Dividend Aristocrat Overview: Hormel Foods

Photo:Flickr.com/Rochelle Hartman

About Hormel Foods

Hormel Foods has been growing their dividends since 1967. Photo courtesy theimpulsivebuy via flickr.com

Minnesota-based Hormel Foods has paid dividends since 1928 and has been growing them since 1967.
Photo courtesy theimpulsivebuy via flickr.com

In 1891, George Hormel founded Geo. A. Hormel & Co. in Austin, MN to sell fresh pork products across Minnesota.  In the early 1900s, the company grew outside of Minnesota, expanding with offices in Illinois, Texas and Georgia and a new manufacturing plant in California.  In 1928, Geo.
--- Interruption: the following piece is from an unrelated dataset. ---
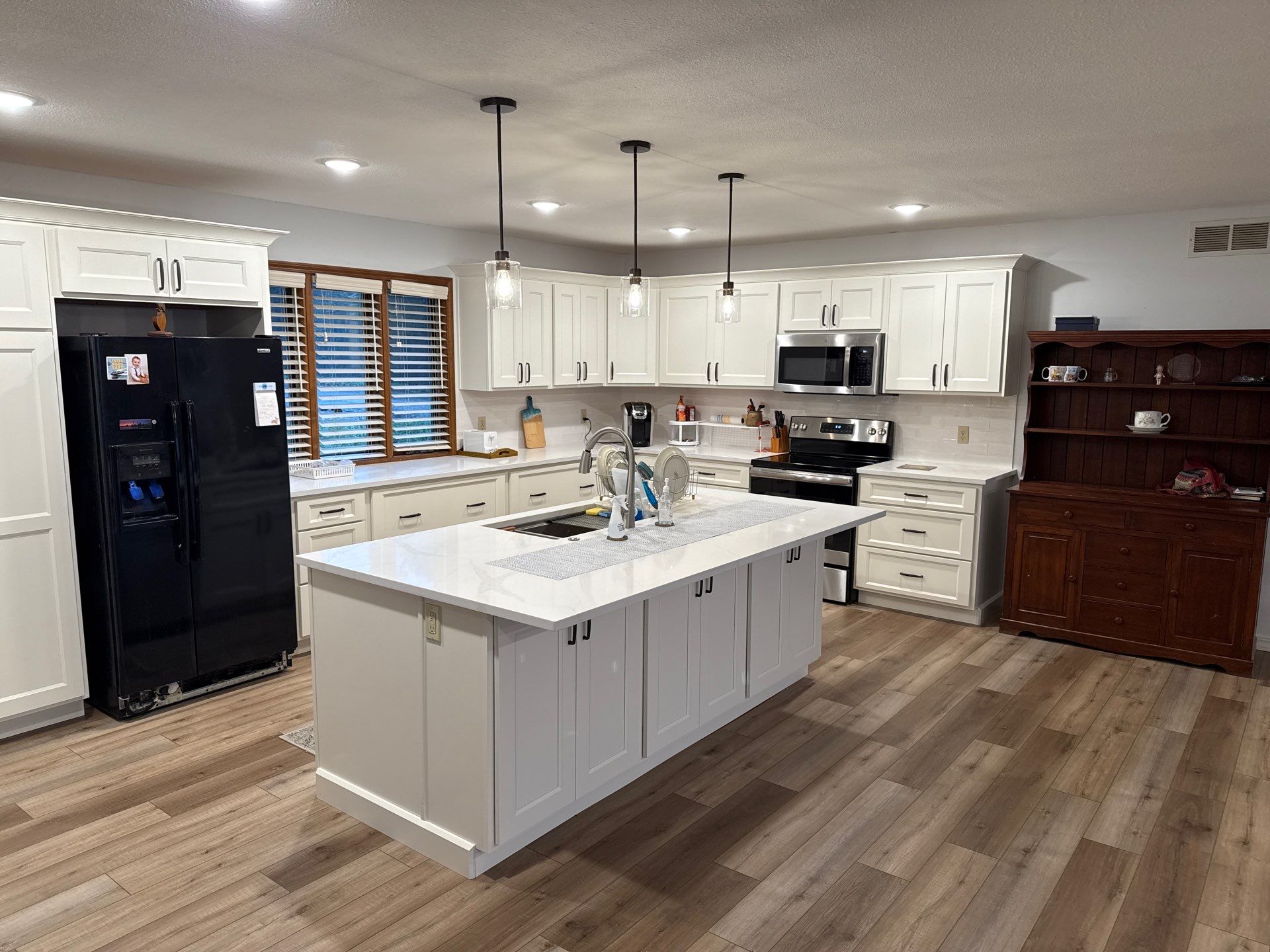 This renovation involved removing a dark, dank view blocking galley kitchen. We opened up the entire view from the front door to the back deck looking out over Table Rock Lake. A very functional L-shaped kitchen with island was relocated to the front of the home which opened up the entire room. Call today for your in-home consultation.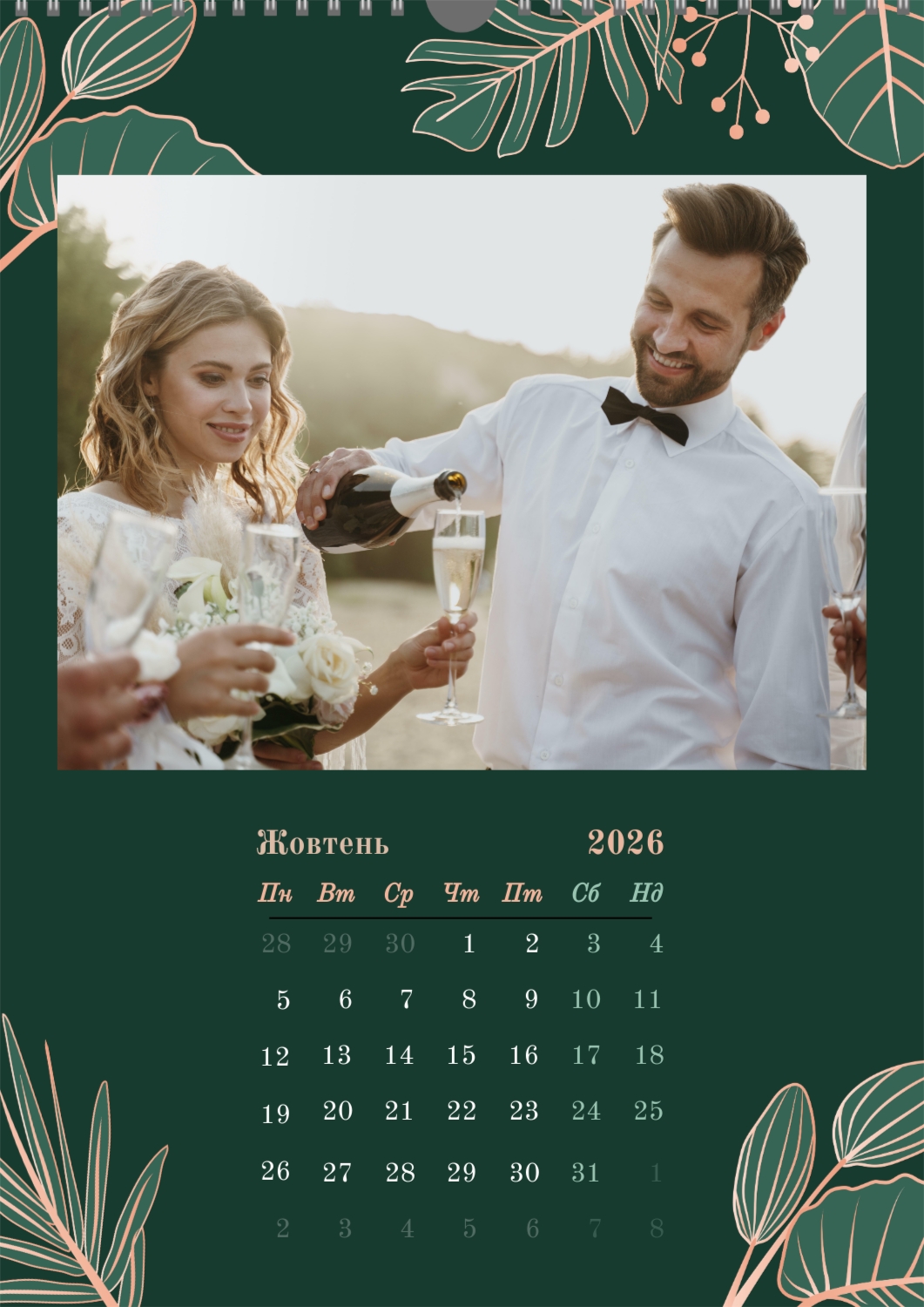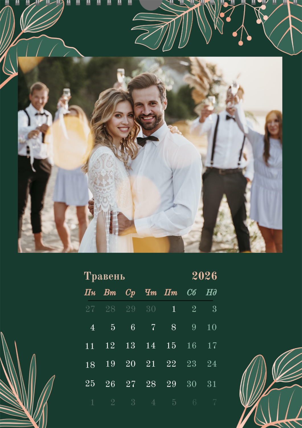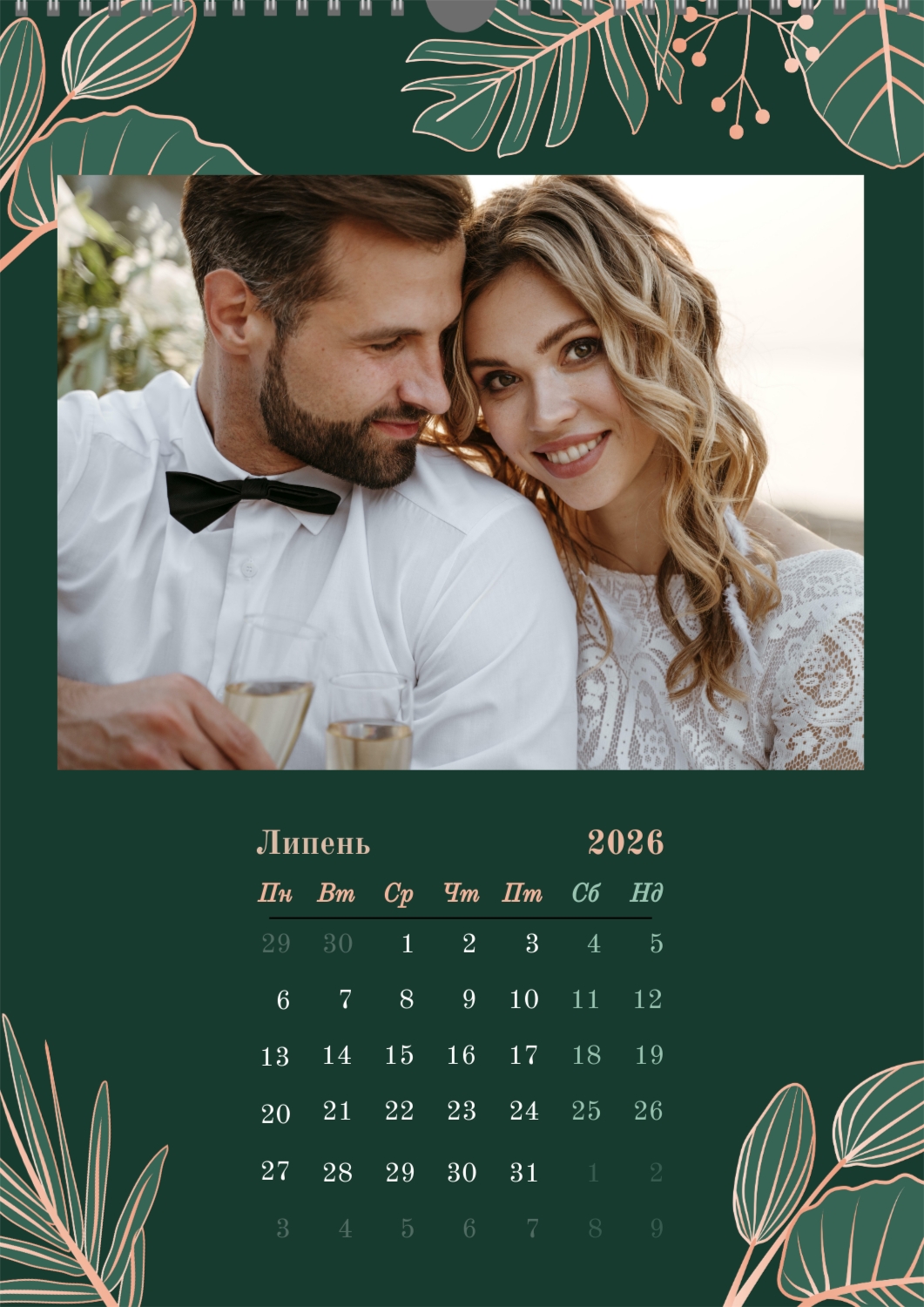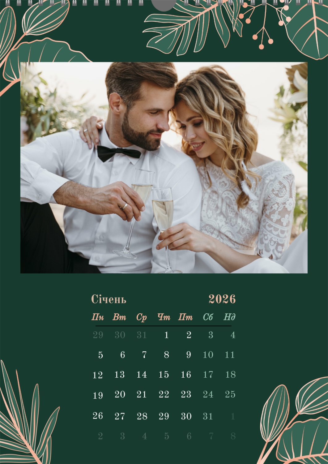Готовий шаблон настінного календаря з весільними фото-це універсальна основа, створена спеціально для тих, хто хоче зберегти атмосферу торжества в красивому і функціональному форматі. Він особливо підходить фотографам, весільним агентствам, декораторам, а також фахівцям, які створюють персоналізовані подарунки або сувеніри для молодят. Такий календар часто використовують як частину весільного пакету, як доповнення до фотокниг або як зворушливий подарунок батькам і друзям. В онлайн-конструкторі цей шаблон повністю піддається редагуванню, що дозволяє адаптувати його під будь-яку історію або стиль весілля. Можна замінити фон, змінювати розташування фотографій, коригувати колірну гамму, додавати написи, важливі дати та індивідуальні побажання. Всі елементи легко переміщаються, масштабуються і підлаштовуються під композицію — це робить процес створення максимально зручним навіть для тих, хто не має досвіду в дизайні. При необхідності можна додати декоративні елементи, фірмові шрифти або навіть стилізувати макет під певну тематику весілля, будь то класика, бохо, мінімалізм або вінтаж. Використовуючи наш онлайн-конструктор, можна створити по-справжньому унікальний настінний календар, який стане красивим нагадуванням про важливий день і буде радувати весь рік.

A. Hormel went public and immediately began paying dividends, a record which has continued to this day.  Hormel continued to expand and brought to market new products, including the ubiquitous Spam in 1937.  The company officially changed its name to Hormel Foods in 1993.  Hormel’s brands comprise a wide variety of food products including Skippy®, Dinty Moore®, Chi-Chi’s®, and Wholly Guacamole®.

The company is a member of the S&P 500 index and trades under the ticker symbol HRL.

Hormel Foods’ Dividend and Stock Split History

Hormel has been a Dividend Aristocrat since 1991 and in 2016 increased its dividend for the 50th consecutive year.  Also, Hormel has paid out quarterly dividends continuously since 1928.  The company usually announces annual dividend increases in November, with the stock going ex-dividend the following January.

Hormel Foods has compounded its payout at an average rate of 17.8% over the last 5 years and 16.3% over the last 10 years.

Hormel Foods became a public company in 1928.  Since then, the company has split its stock 2-for-1 10 times, most recently in January 2016.  Before 2011, 2 for 1 stock splits occurred in January 1960, February 1968, November 1971, January 1980, August 1985, April 1987, January 1990, January 2000, and February 2011.  Hormel also paid out 10% stock dividend twice early in its history as a public company, in January 1949 and January 1957.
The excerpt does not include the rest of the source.